--- DATA EXTRACT Enclosed Below ---

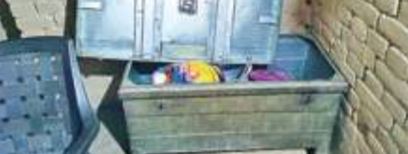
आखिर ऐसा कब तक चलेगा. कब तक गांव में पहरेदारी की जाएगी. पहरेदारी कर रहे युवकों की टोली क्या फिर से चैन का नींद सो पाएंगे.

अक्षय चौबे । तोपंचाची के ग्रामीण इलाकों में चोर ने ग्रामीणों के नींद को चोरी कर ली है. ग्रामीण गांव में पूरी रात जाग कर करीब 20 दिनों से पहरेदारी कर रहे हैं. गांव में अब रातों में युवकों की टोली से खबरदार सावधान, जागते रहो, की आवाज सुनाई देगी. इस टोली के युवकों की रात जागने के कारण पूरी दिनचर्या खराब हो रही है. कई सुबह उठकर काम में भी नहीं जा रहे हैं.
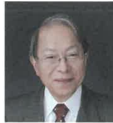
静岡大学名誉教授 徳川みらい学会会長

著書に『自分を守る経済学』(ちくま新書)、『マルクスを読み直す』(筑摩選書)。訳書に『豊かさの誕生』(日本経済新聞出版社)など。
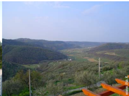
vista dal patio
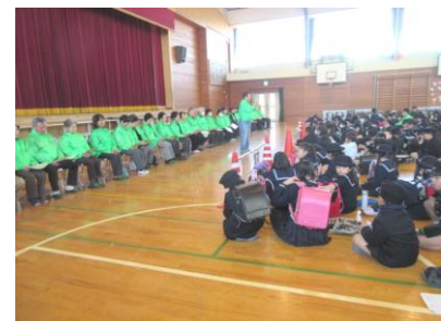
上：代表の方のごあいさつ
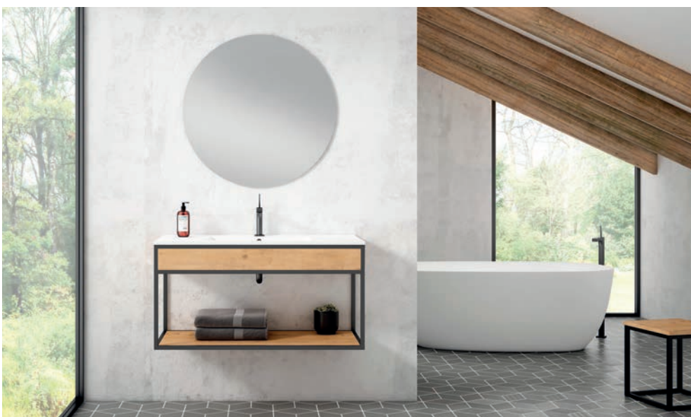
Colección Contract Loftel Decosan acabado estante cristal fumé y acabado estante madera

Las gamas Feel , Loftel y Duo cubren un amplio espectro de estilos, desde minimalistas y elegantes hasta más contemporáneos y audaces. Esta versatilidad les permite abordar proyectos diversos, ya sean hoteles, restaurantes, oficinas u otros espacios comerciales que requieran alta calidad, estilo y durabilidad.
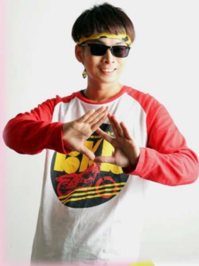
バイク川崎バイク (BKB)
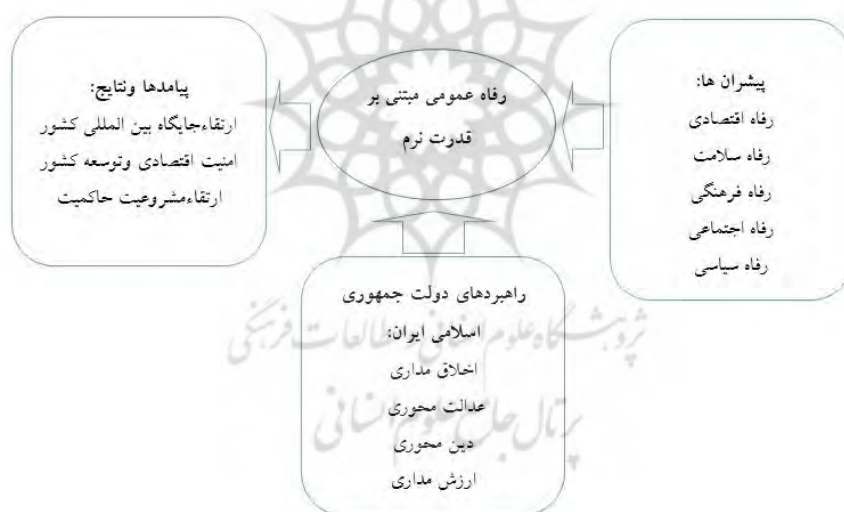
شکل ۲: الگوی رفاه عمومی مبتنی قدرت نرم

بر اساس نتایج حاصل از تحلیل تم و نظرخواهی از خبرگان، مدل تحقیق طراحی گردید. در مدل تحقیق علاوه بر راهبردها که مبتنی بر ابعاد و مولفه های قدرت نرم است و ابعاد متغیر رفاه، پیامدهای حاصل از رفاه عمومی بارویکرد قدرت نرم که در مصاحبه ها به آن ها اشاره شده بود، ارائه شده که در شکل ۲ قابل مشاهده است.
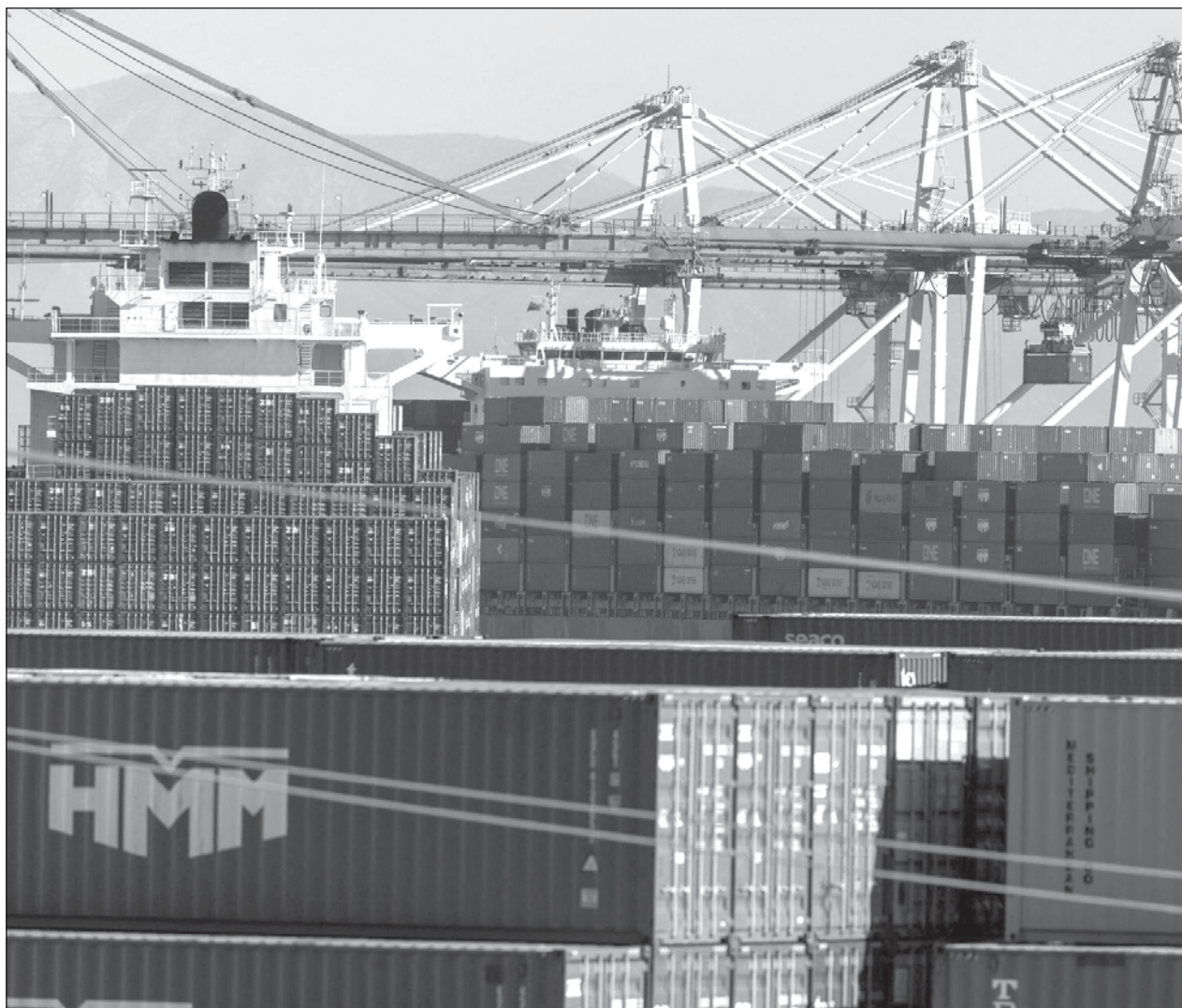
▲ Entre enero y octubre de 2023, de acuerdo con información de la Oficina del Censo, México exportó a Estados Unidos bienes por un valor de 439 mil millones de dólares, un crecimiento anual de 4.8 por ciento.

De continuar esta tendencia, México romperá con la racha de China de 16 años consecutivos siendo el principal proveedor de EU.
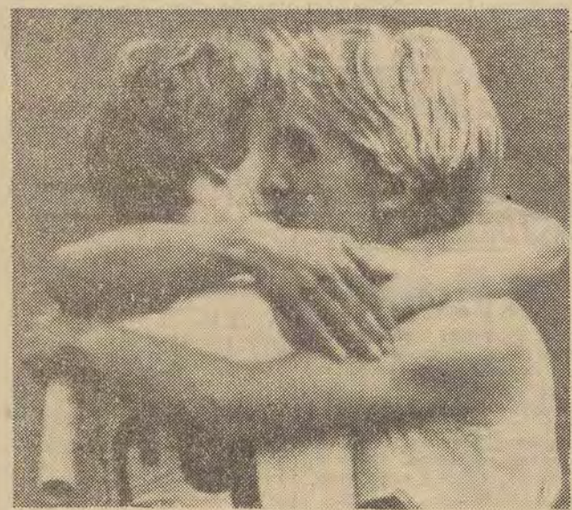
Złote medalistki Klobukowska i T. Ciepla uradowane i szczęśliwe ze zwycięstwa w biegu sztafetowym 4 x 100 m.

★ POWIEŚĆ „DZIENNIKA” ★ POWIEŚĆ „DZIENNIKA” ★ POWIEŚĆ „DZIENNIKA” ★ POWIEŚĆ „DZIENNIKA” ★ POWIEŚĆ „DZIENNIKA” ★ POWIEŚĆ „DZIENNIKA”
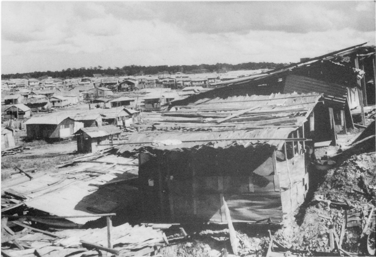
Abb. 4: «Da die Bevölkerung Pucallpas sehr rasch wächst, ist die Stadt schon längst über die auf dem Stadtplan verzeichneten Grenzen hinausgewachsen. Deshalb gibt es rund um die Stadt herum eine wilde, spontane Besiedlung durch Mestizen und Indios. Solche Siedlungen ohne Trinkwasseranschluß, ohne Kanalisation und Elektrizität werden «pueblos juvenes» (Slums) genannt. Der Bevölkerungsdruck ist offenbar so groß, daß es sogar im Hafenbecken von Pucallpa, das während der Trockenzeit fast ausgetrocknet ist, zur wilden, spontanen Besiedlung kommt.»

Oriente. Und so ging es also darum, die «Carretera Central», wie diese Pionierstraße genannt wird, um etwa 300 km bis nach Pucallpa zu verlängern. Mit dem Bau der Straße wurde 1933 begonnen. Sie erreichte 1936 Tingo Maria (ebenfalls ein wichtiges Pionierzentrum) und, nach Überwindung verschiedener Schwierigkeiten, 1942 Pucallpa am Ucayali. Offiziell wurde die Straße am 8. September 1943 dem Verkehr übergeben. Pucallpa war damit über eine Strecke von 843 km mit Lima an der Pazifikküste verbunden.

--- End of Enclosed DATA EXTRACT ---
--- DATA EXTRACT Enclosed Below ---

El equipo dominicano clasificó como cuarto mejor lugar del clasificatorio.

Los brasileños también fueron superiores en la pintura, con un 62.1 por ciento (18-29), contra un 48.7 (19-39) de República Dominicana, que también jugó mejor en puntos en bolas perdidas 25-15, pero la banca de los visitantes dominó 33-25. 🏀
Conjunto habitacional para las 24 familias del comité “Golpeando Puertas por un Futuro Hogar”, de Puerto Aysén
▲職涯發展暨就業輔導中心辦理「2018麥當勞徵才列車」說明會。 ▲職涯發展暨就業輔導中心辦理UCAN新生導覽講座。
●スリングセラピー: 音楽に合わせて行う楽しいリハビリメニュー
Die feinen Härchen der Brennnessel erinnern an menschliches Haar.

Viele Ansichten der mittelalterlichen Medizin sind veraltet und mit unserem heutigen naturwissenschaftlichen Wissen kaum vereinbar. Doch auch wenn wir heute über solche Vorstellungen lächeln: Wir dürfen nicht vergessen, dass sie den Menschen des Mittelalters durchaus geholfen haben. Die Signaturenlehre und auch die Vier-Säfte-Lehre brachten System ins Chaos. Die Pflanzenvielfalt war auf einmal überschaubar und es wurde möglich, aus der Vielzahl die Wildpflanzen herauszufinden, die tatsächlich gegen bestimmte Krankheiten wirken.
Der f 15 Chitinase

--- End of Enclosed DATA EXTRACT ---
--- DATA EXTRACT Enclosed Below ---

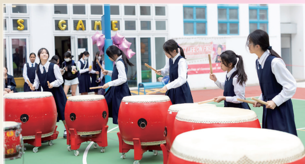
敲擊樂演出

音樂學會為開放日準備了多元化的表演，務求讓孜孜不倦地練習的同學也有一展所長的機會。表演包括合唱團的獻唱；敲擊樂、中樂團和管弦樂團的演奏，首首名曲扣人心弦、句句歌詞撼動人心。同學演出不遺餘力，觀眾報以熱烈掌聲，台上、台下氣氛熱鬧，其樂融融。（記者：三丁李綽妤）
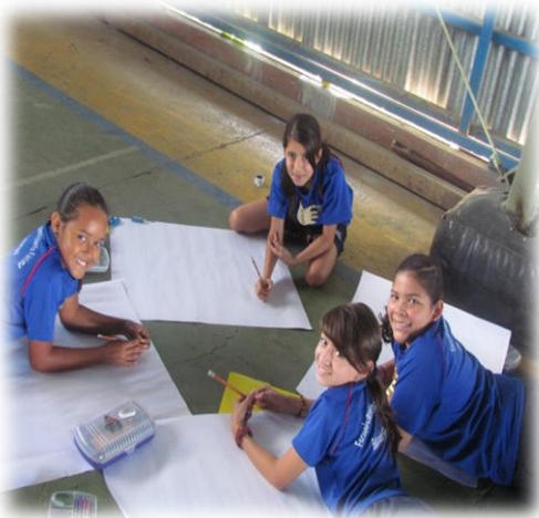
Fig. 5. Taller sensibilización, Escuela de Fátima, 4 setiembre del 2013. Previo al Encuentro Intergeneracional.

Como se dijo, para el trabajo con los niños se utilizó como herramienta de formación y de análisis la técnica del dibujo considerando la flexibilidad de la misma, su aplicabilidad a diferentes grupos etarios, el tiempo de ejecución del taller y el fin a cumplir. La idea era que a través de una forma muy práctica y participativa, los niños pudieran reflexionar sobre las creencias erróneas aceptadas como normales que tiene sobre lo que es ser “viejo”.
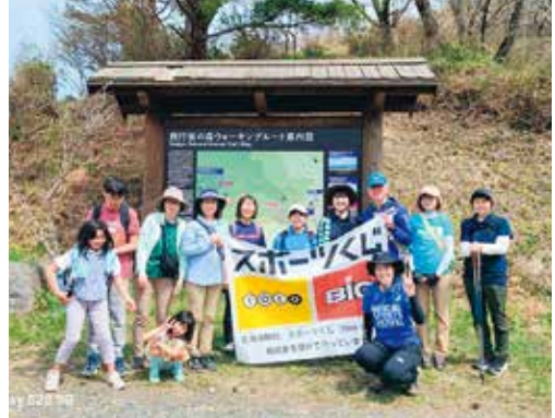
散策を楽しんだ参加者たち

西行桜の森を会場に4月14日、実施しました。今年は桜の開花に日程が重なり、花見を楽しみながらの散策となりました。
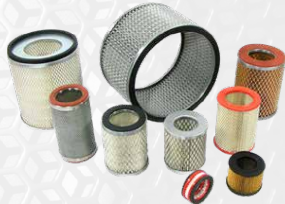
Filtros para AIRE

--- End of Enclosed DATA EXTRACT ---

> YOUR GOAL:
Your answer must be a single number: how many lines of the entries above contain the string "mejor".

> OUTPUT FOR THIS TASK:
2